» PROBLEM REQUIREMENTS:
For the records below, copy exactly the span that begins at the line containing "图 module21(左)与" and stops after the line containing "Lightly worn black", minus any pictures.

» RAW DATA:

------------

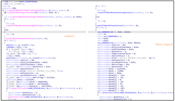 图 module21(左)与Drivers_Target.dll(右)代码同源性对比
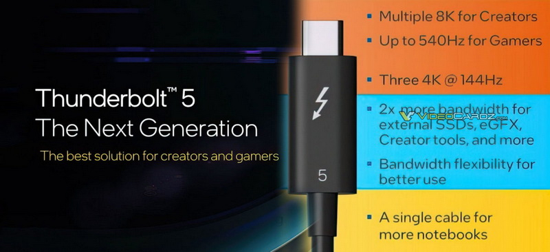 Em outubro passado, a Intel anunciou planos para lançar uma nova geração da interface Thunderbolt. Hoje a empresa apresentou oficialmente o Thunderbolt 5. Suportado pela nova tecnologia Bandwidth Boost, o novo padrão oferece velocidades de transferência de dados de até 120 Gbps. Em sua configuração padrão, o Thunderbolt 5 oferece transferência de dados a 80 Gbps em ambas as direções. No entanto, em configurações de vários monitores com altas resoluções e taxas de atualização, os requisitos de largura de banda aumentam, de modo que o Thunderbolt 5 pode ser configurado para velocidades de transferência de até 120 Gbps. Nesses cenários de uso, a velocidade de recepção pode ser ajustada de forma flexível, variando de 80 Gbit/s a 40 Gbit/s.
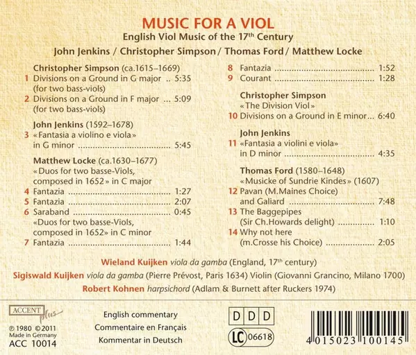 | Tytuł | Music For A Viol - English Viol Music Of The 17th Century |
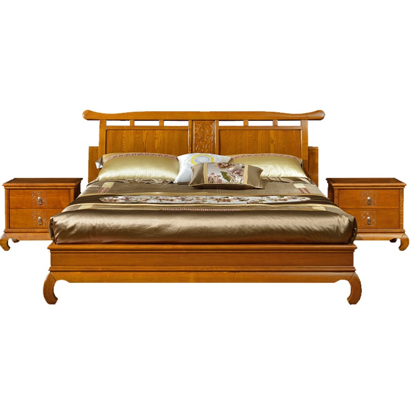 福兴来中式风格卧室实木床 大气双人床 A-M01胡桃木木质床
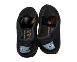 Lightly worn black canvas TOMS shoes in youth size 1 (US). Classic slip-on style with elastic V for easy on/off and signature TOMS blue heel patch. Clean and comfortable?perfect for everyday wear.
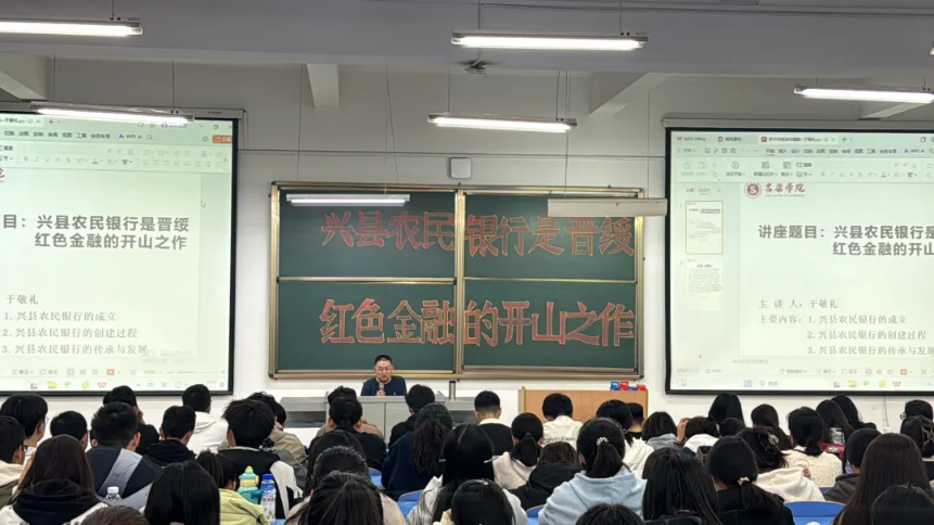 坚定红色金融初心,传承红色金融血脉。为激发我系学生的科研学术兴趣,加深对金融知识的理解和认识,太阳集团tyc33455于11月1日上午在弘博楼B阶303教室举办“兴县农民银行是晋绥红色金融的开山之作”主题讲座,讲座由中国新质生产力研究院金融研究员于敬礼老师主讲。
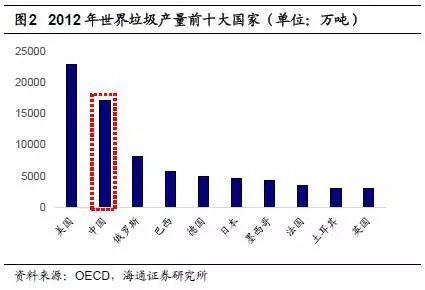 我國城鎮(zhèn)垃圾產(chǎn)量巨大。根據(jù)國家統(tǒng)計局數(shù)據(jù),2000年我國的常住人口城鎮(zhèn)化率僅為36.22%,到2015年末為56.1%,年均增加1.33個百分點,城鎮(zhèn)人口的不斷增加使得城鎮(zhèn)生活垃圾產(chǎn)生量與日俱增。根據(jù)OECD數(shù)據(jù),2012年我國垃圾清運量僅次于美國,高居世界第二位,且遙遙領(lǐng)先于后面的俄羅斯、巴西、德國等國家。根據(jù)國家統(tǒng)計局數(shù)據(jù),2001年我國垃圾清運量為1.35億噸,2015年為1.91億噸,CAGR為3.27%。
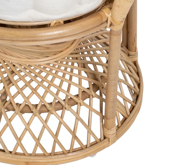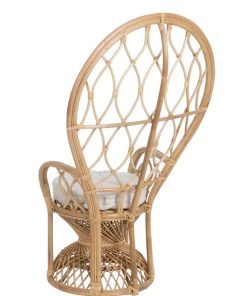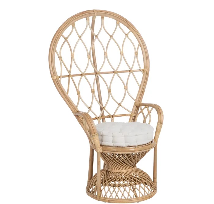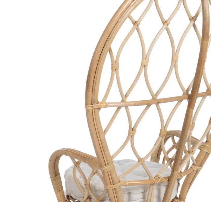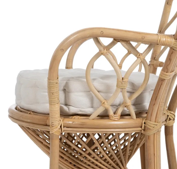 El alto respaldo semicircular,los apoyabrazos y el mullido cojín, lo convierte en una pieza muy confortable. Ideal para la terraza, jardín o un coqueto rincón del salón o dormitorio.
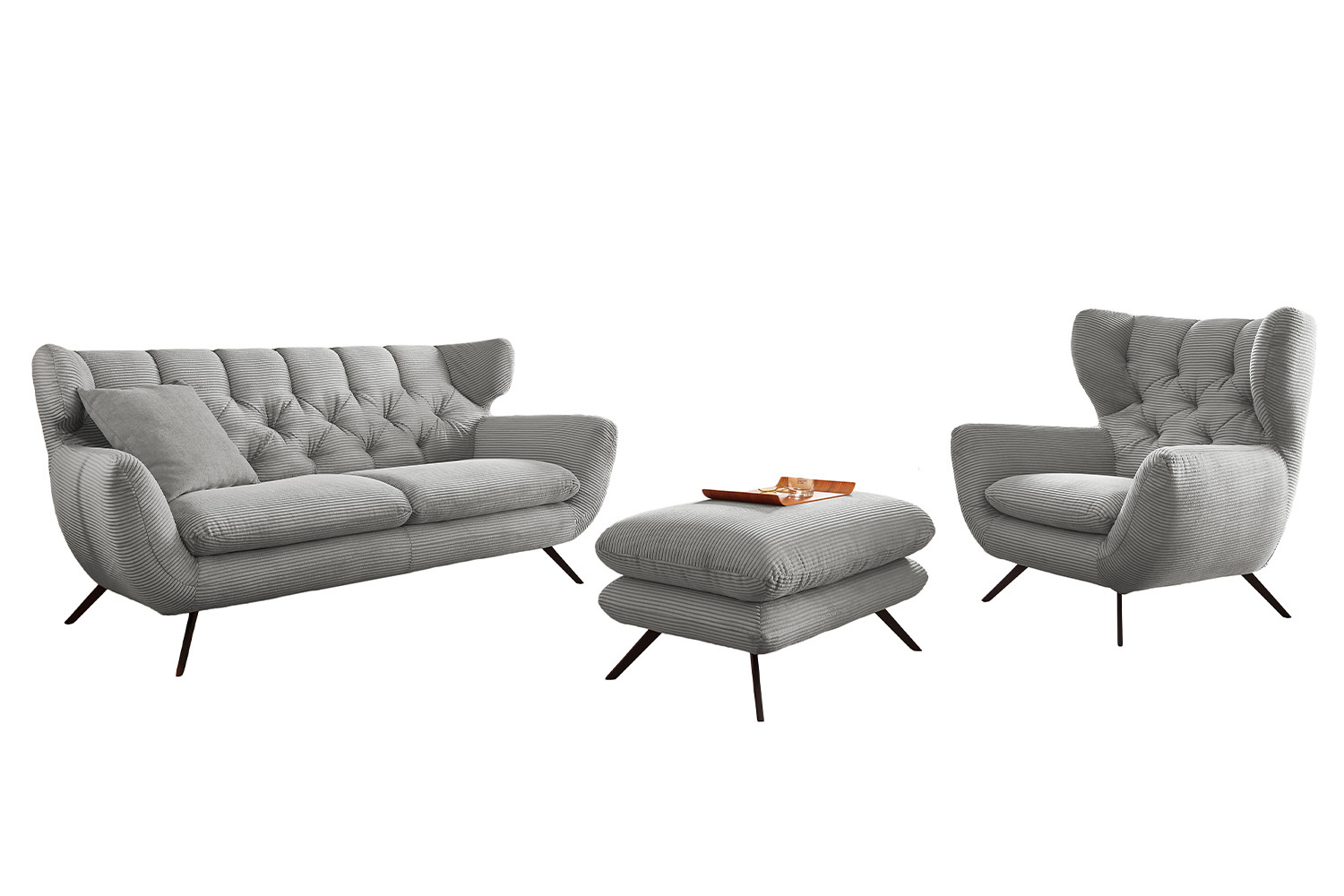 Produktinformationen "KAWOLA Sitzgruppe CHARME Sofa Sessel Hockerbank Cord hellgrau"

------------

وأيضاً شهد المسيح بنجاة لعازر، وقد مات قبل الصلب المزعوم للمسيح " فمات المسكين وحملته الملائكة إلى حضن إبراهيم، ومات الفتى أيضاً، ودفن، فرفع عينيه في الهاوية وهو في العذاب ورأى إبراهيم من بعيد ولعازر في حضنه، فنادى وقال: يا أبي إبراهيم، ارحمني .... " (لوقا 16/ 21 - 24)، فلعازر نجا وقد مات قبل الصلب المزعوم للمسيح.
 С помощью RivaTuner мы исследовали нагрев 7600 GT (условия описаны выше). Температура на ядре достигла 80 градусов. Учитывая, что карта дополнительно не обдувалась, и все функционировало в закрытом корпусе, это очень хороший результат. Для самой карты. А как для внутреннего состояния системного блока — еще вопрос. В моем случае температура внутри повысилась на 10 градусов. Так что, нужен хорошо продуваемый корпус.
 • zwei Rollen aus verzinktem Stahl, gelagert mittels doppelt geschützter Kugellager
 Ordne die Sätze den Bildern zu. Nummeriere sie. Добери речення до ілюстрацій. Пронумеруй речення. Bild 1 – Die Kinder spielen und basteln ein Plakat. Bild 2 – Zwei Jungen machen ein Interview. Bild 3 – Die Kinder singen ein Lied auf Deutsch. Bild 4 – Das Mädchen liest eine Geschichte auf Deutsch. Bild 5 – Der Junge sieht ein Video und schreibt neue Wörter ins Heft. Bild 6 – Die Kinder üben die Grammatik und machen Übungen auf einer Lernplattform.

------------

» TASK SOLUTION:
 图 module21(左)与Drivers_Target.dll(右)代码同源性对比
 Em outubro passado, a Intel anunciou planos para lançar uma nova geração da interface Thunderbolt. Hoje a empresa apresentou oficialmente o Thunderbolt 5. Suportado pela nova tecnologia Bandwidth Boost, o novo padrão oferece velocidades de transferência de dados de até 120 Gbps. Em sua configuração padrão, o Thunderbolt 5 oferece transferência de dados a 80 Gbps em ambas as direções. No entanto, em configurações de vários monitores com altas resoluções e taxas de atualização, os requisitos de largura de banda aumentam, de modo que o Thunderbolt 5 pode ser configurado para velocidades de transferência de até 120 Gbps. Nesses cenários de uso, a velocidade de recepção pode ser ajustada de forma flexível, variando de 80 Gbit/s a 40 Gbit/s.
 | Tytuł | Music For A Viol - English Viol Music Of The 17th Century |
 福兴来中式风格卧室实木床 大气双人床 A-M01胡桃木木质床
 Lightly worn black canvas TOMS shoes in youth size 1 (US). Classic slip-on style with elastic V for easy on/off and signature TOMS blue heel patch. Clean and comfortable?perfect for everyday wear.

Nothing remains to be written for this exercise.